Giving a presentation to a large roomful of strangers is not high on most people’s lists of enjoyable moments. But presenting at an international conference about a topic that is NOT your major — now that’s tough, right?
But strangely enough, this was a really positive experience for both Hannah Bennet ’21 and Mohamed El-Sayed ’20. The two traveled to Eugene, Oregon, in June of 2019 to offer their Arab-American research at the International Association for Language Learning Technology at the University of Oregon.
In fact, Bennet, a cinema major with a concentration in queer studies, was surprised by how UN-nervous she felt. In the days leading up to the presentation, she was more nervous about making her flight connections than presenting. It wasn’t until she finally boarded the plane, that it hit her.
“Fortunately, it went well,” she says. “We had a crowded room, and everyone there seemed interested in what we had to say. We have an awesome project. I think our audience felt that in our presentation. This experience has given me the confidence to do this kind of thing again and to feel more confident when talking about the work I have done in the future.”
So, what did they present about? The two were part of a class that connected Denison students to an Arab community. They interviewed families over time and compiled an oral history that is now part of an archive.

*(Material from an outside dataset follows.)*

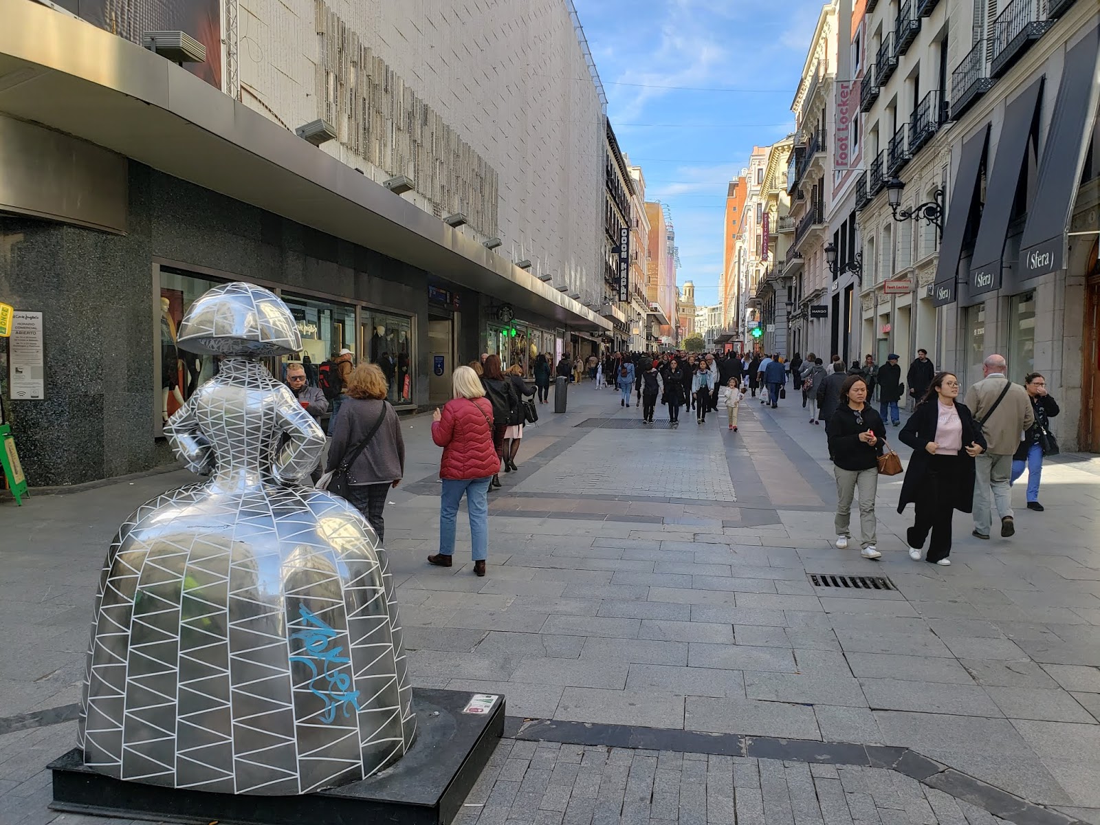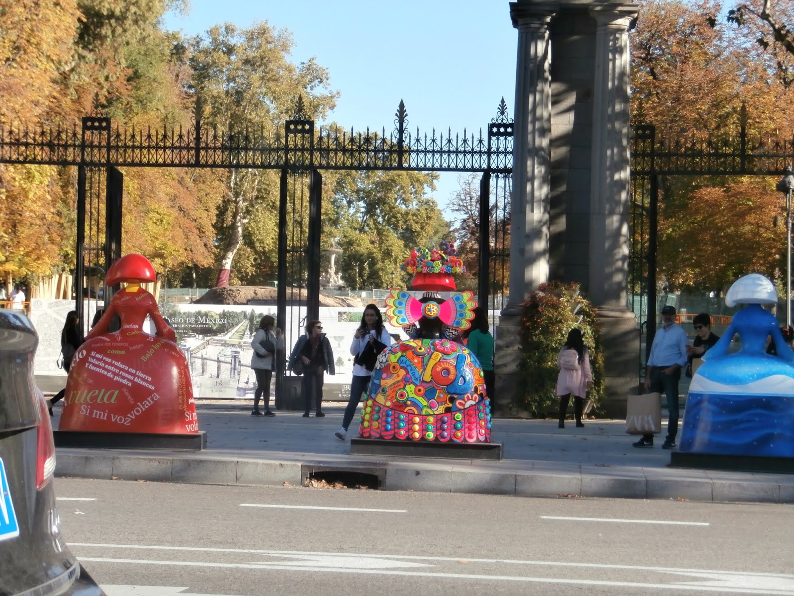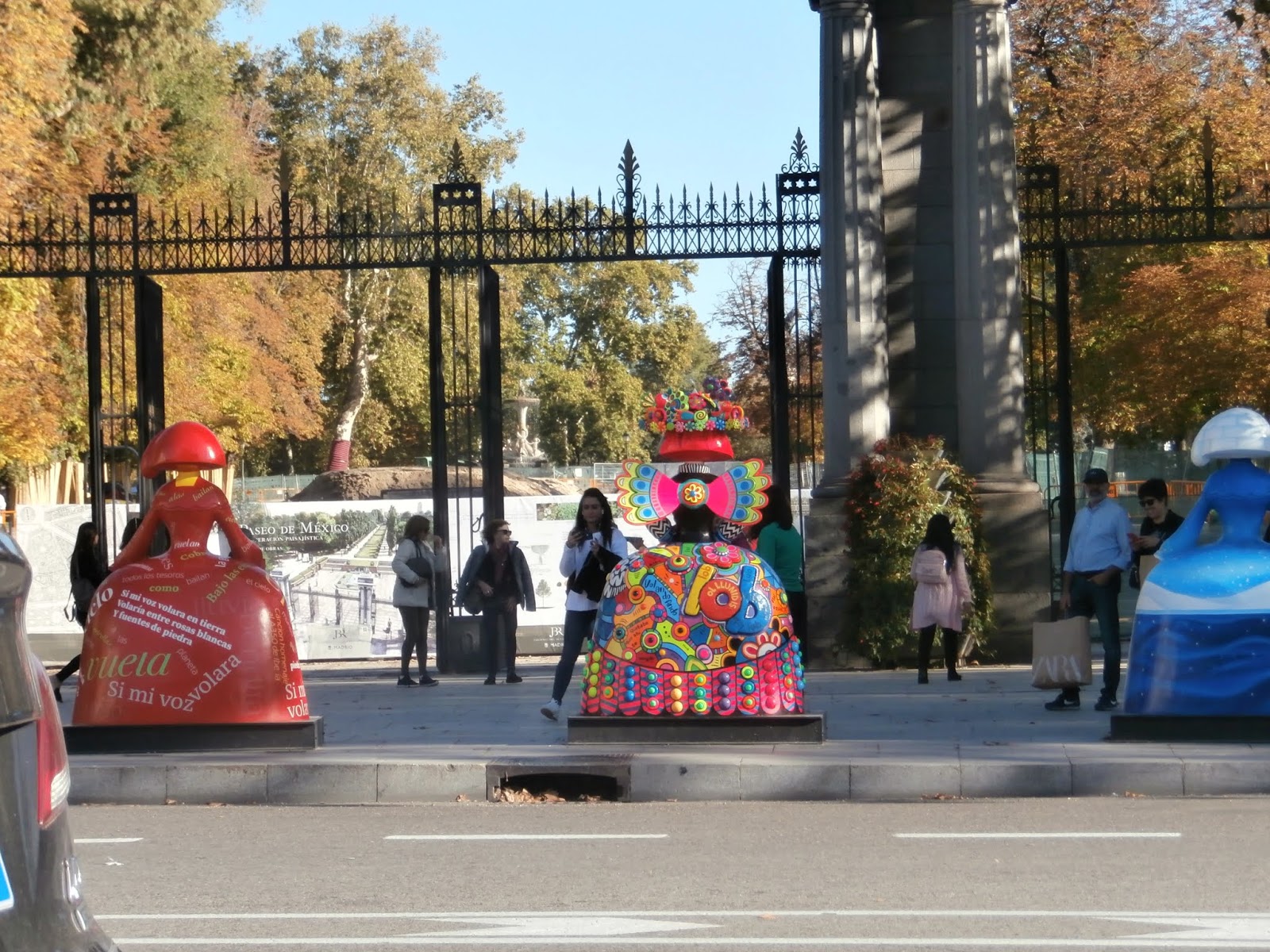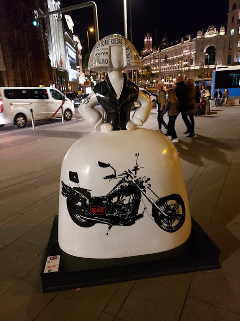 The statues are about 6 feet tall and are made from fiberglass. Each commissioned artist is at liberty to use the statue as a canvas to share original concepts. Eighty such sculptures are placed in prominent areas all around Madrid and will be on display thru July 2020 at which time they may be put on display in other cities around the world.

Hanada Al-Masri, associate professor of Modern Languages and director of the Middle East and North African Studies concentration, created the project to introduce her students to the diverse cultural, social, economic, linguistic and educational backgrounds of the Arabic community.
One crucial factor for a project like this is the ability to access a major city like Columbus, which has an extensive Arab community.
Al-Masri notes the project achieves a lot of goals. In addition to helping students gain proficiency in Arabic, it “equips students with the skills necessary to conduct oral interviews, ask important questions, dig deeper with great follow-up questions and critically think about claims and calls for action that dehumanize others.”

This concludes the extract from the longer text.